Taking Out the Trash: A Look at Extended Producer Responsibility

by FLOW policy director Carolan Sonderegger, Giziibii Ogitcheda-ikwe’

Aaniin (Anishinaabemowin for: Hello everyone), eco-warriors, and recycling enthusiasts! Today, we’re diving into the wild world of Extended Producer Responsibility (EPR) – the unsung superhero of waste management and a powerful tool for environmental protection, including protecting our precious waters (niibii)!

In simple terms, EPR is an environmental policy that holds producers responsible for a product’s entire lifecycle, from design to end of life. EPR policies encourage producers to consider environmental factors when designing products and packaging, and to make them more sustainable and recyclable.

Picture this: a group of nervous manufacturers sitting in a circle, sweating profusely as they realize they’re now responsible for the entire lifecycle of their products. From the moment those products are merely tiny plastic nurdles eagerly waiting to be forged into the most wondrous and convenient of plastic products, to the day they’re laid to rest in the great recycling bin in the sky (or more likely, until they end up at the bottom of our lakes, in the bellies of fish (giigoonh), or even in the water that we drink (biish)), these manufacturers are now on the hook like a plasticized prize salmon. Talk about a plot twist!

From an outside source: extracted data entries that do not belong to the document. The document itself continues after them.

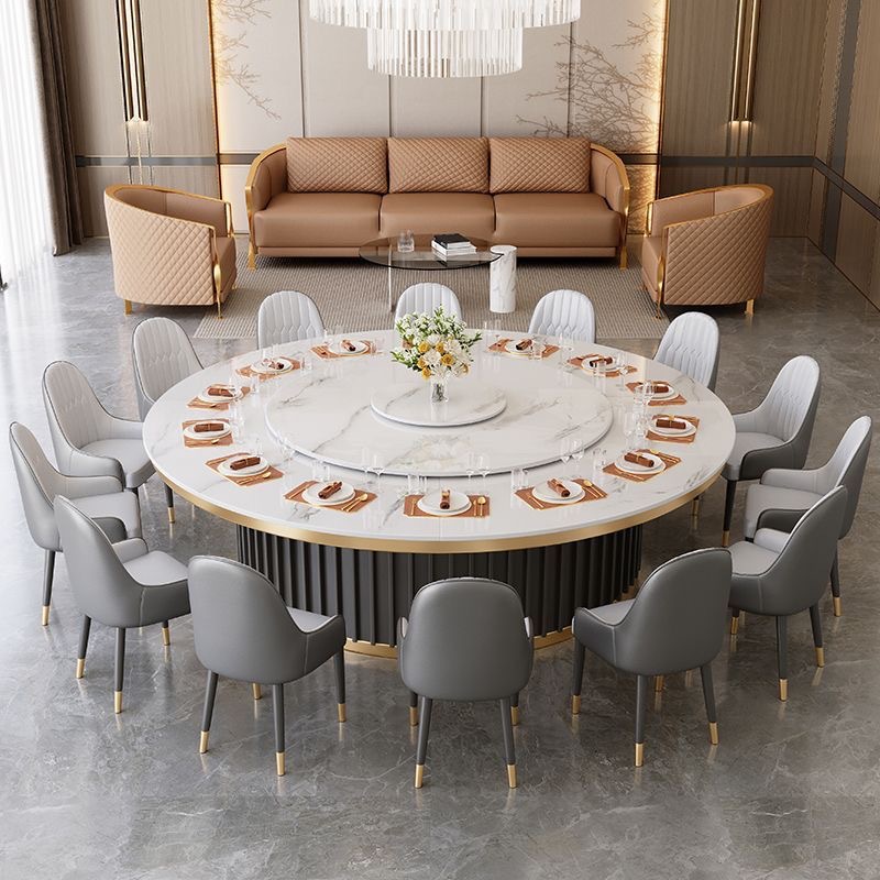 ホテル電動ラウンドテーブルスレートダイニングテーブル15人用20人用ライト高級クラブボックス一体型鍋テーブルモダン大型ラウンドテーブル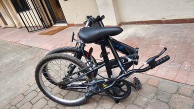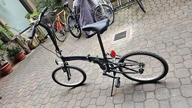 Bicicletta si trova in zona Baranzate Milano non faccio spedizioni faccio consegne zona Milano io. Meccanismo di piegatura: Al centro del telaio è presente un robusto meccanismo di bloccaggio. Questo permette di piegare la bicicletta a metà per facilitarne il trasporto nel bagagliaio dell'auto o per riporla comodamente in appartamento. Geometria: Il telaio presenta una geometria bassa di tipo "da donna", ideale per chi deve effettuare soste frequenti e garantisce una salita in sella agevole con qualsiasi tipo di abbigliamento. 2. Ruote e Percorribilità Dimensioni: Le ruote da 20 pollici assicurano ottima manovrabilità e compattezza, sebbene assorbano meno le irregolarità del terreno rispetto alle ruote standard (26–28 pollici). Pneumatici: È equipaggiata con pneumatici universali (probabilmente Kenda), adatti sia all'asfalto che allo sterrato compatto. 3. Trasmissione e Freni Tipo: Si tratta di una bicicletta monomarcia (single-speed). L'assenza di deragliatori semplifica notevolmente la manutenzione, ma rende più faticose le salite ripide. Sistema frenante: Monta freni a pattino di tipo V-brake sia all'anteriore che al posteriore. Sono facili da regolare, ma la loro efficacia può ridursi in presenza di pioggia o fango sul cerchio. 4. Ergonomia Regolazioni: Il reggisella molto lungo e l'attacco manubrio alto permettono di adattare la bici a persone di quasi ogni statura. Sella: Ampia e morbida, progettata per passeggiate rilassate all'insegna del comfort. Manubrio: Di tipo "olandese" (alto), garantisce una posizione di guida eretta e rilassata, eliminando il carico eccessivo sulla schiena e sulle braccia.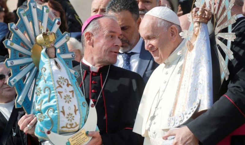 La devolución se concretó durante la audiencia pública que se realiza todos los miércoles en la plaza del Vaticano, encabezada por Francisco, quien bendijo la imagen.
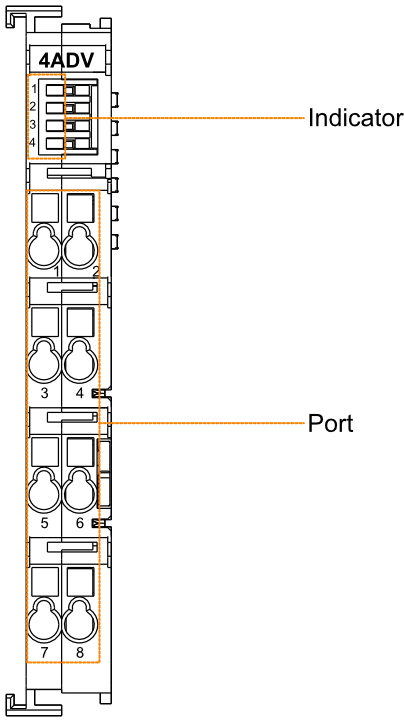 | 1~4 | VAI1/C1~VAI4/C4 | Green | 4 indicators correspond to VI1/C1~VI4/C4, which are independent of each other. The states of indicators are on, blink and off. - When used as a voltage input channel: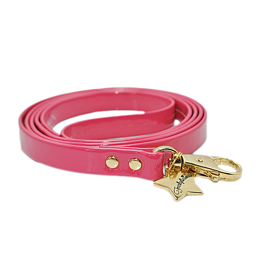 La correa Fresa de Funkylicious realizada en tira de charol sintético de 13 mm. A juego con el arnés Luxury Fresa y el collar Luxury Fresa.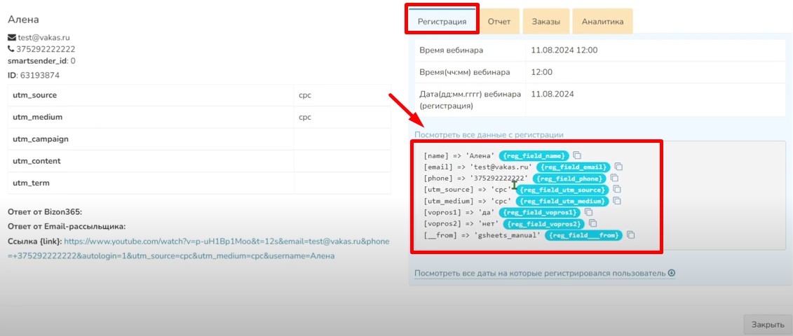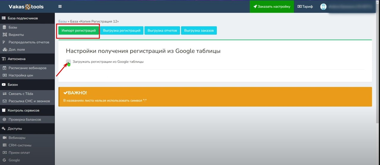 2. Для получения регистраций - вкладка Импорт регистраций (регистрации из Google таблицы).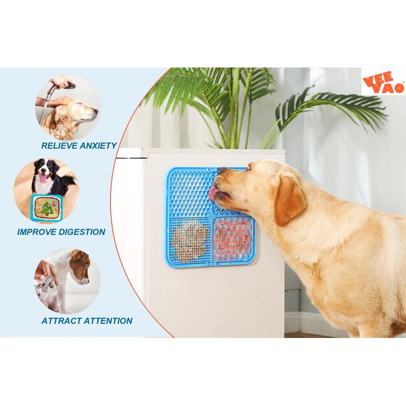 - 😊Boredom Breaker & Anxiety Reducer: VEEVAO dog lick mat help your buddy dogs calm down and reduce destructive behavior by keeping them licking to release endorphins. Four kinds of licking areas for longer and happier slow feeding. Great for stressful times like medical treatment, grooming, bathing, nail trimming, and vet visit.

But wait, it gets better. EPR programs around the world are like tough teachers, giving manufacturers a pop quiz on how to design products that are easier to reuse, recycle, and dispose of safely – without greenwashing. It’s like a game of environmental Tetris, where manufacturers have to figure out how to fit their products into the recycling loop without creating a mess. A cradle-to-cradle concept to replace our cradle-to-grave crisis. Can you imagine the panic in the boardrooms as they try to crack this eco-friendly code?

Let’s not forget the other superheroes of the recycling world – the local governments and taxpayers who have been shouldering the burden of waste management for far too long. With EPR swooping in to shift that financial load back onto the plastics producers, it’s like a classic tale of role reversal. Suddenly, manufacturers are the ones picking up the tab, and the local governments are high-fiving each other as they see their waste management costs plummet. It’s a plot twist worthy of excitement (Shtaataahaa)!!

But through this comedic lens, there’s a serious message here. EPR is a crucial tool for promoting a circular economy and reducing the environmental impact of consumer products. By holding manufacturers accountable for the entire lifecycle of their products, EPR encourages adopting more sustainable and environmentally friendly business practices. Moreover, we are finally going after the source of the pollution instead of shifting the blame to consumers yet again. It’s all about common sense corporate responsibility. So, while we may be poking fun at the quirks of EPR, let’s not forget that it’s a vital part of our journey towards a greener, cleaner planet.

A handful of states in the U.S. already have enacted Extended Producer Responsibility (EPR) laws, which require producers to manage the lifecycle of their products, focusing on waste management and recycling. As of now, the states with active or upcoming EPR laws include:

  • California: The state has implemented the Plastic Pollution Prevention and Packaging Producer Responsibility Act, which mandates producers to join a Producer Responsibility Organization (PRO) and meet recycling and source reduction targets for single-use packaging and plastic food service ware by 2032.
  • Colorado: Colorado’s Producer Responsibility Program for Statewide Recycling Act requires producers of single-use packaging and paper products to join a designated PRO by June 1, 2025, and contribute to the recycling infrastructure.
  • Maine: Maine’s law, the Act To Support and Improve Municipal Recycling Programs, requires producers to pay into a fund based on the amount and recyclability of their packaging. The state plans to have a stewardship organization administer the program by 2026.
  • Oregon: The Plastic Pollution and Recycling Modernization Act requires producers of packaging, printing paper, and food service ware to join a PRO and comply with recycling fee structures by July 1, 2025.

Other states, such as Washington, New Jersey, and Connecticut, have also introduced laws focusing on specific aspects of EPR, like recycled content requirements and producer registration systems. Additionally, numerous states, including Hawaii, Illinois, Maryland, Massachusetts, New York, North Carolina, Rhode Island, and Tennessee, are considering EPR legislation. These initiatives are part of a broader nationwide effort to reduce waste, improve recycling rates, and shift the responsibility of waste management to producers.

So, there you have it – diving deep into EPR and all the buzz around the US. What do you think about Michigan taking matters into its own hands and crafting EPR legislation to tackle plastic waste at the source? We’d love to hear your take on this!

Wiingezin (take it easy)!


One comment on “Taking Out the Trash: A Look at Extended Producer Responsibility

  1. Jan Rygwelski on

    Excellent step forward! Prior to the 1970s, when single use plastics became ubiquitous, glass manufacturers took responsibility for the fate of their products through multi-use bottles returned for refills, and other measures that supported a circular economy. It’s past time to return the responsibility back to the producers!